Minggu, 23 Januari 2011

Degenerasi Demokrasi⁠

Dua jebakan besar selalu menghadang agenda pembangunan demokrasi, yaitu disfungsionalitas dan degenerasi demokrasi. Indonesia terjatuh pada yang kedua, karena lemahnya komitmen bersama di antara elite partai politik (parpol) untuk membangun kehidupan berbangsa dan bernegara secara sehat.
   
Dalam kuliah umumnya di UIN Syarif Hidayatullah Jakarta 23 Desember lalu, Profesor Dr. Boediono yang juga Wapres secara tersirat memberikan catatan cukup tajam mengenai konsolidasi demokrasi di Indonesia. Kalau kita tidak hati-hati, katanya, pengalaman revolusi Perancis yang memakan anak-anak terbaik dari bangsanya sendiri bisa terjadi di negeri ini. Perancis pada abad 18 adalah sebuah negara adidaya dengan penduduk dan ekonomi terbesar di Eropa di bawah monarki yang telah berusia ratusan tahun.   

Tahun 1789 terjadi revolusi sosial, pemicu utamanya adalah krisis pangan akibat dilanda musim dingin yang sangat parah. Panen gagal, kas negara kosong, layanan sosial sangat mengecewakan. Kelaparan dan keresahan terjadi di mana-mana, para elite masih menunjukkan hidup mewah. Kelaparan, pengangguran dan krisis kepercayaan rakyat terhadap pemerintah pada urutannya melahirkan kemarahanan sosial. Tokoh-tokoh pencerahan seperti Montesquieu, Rousseau dan Voltaire berhasil membakar massa untuk merobohkan tatanan lama yang korup dan feodalistik, sehingga muncul pekik revolusi: Liberty, Equality, Fraternity. Kebebasan, persamaan, dan persaudaraan.

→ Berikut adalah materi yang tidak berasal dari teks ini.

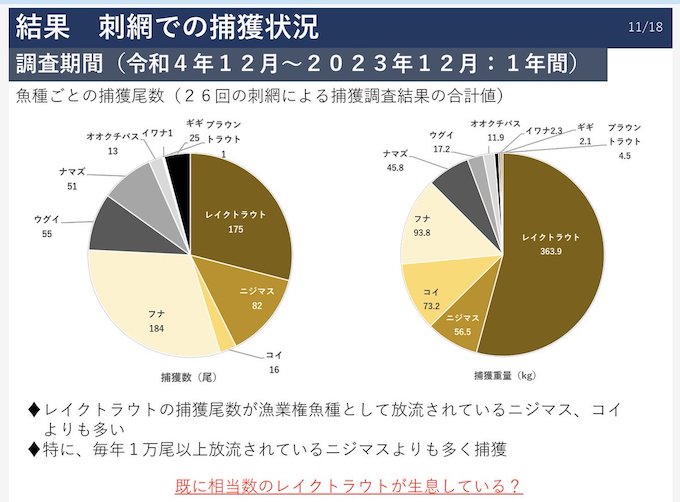 ヒメマスとレイクトラウトの両種は、国内、国外の違いはあれど移入種であることに変わりはありません。ただし、ヒメマスが社会的合意を経て放流されているのに対し、レイクトラウトは個人的な思惑から密かに放流されたであろうという大きな違いがあります。(山梨県漁連)

Tatanan lama jebol, tatanan baru tidak segera terwujud, sehingga memunculkan apa yang disebut ”Reign of Terror” di bawah Robespiere (1793-1794). Pemerintah dan rakyat sama-sama bingung, tercekam, dan tidak memiliki agenda jelas untuk memperbaiki keadaan. Sungguh tragis, Raja Louise XVI dan permaisurinya, Marie Antonette, mengakhiri hidupnya dengan mengenaskan di guillotine bersama sebelas ribu konco-konconya.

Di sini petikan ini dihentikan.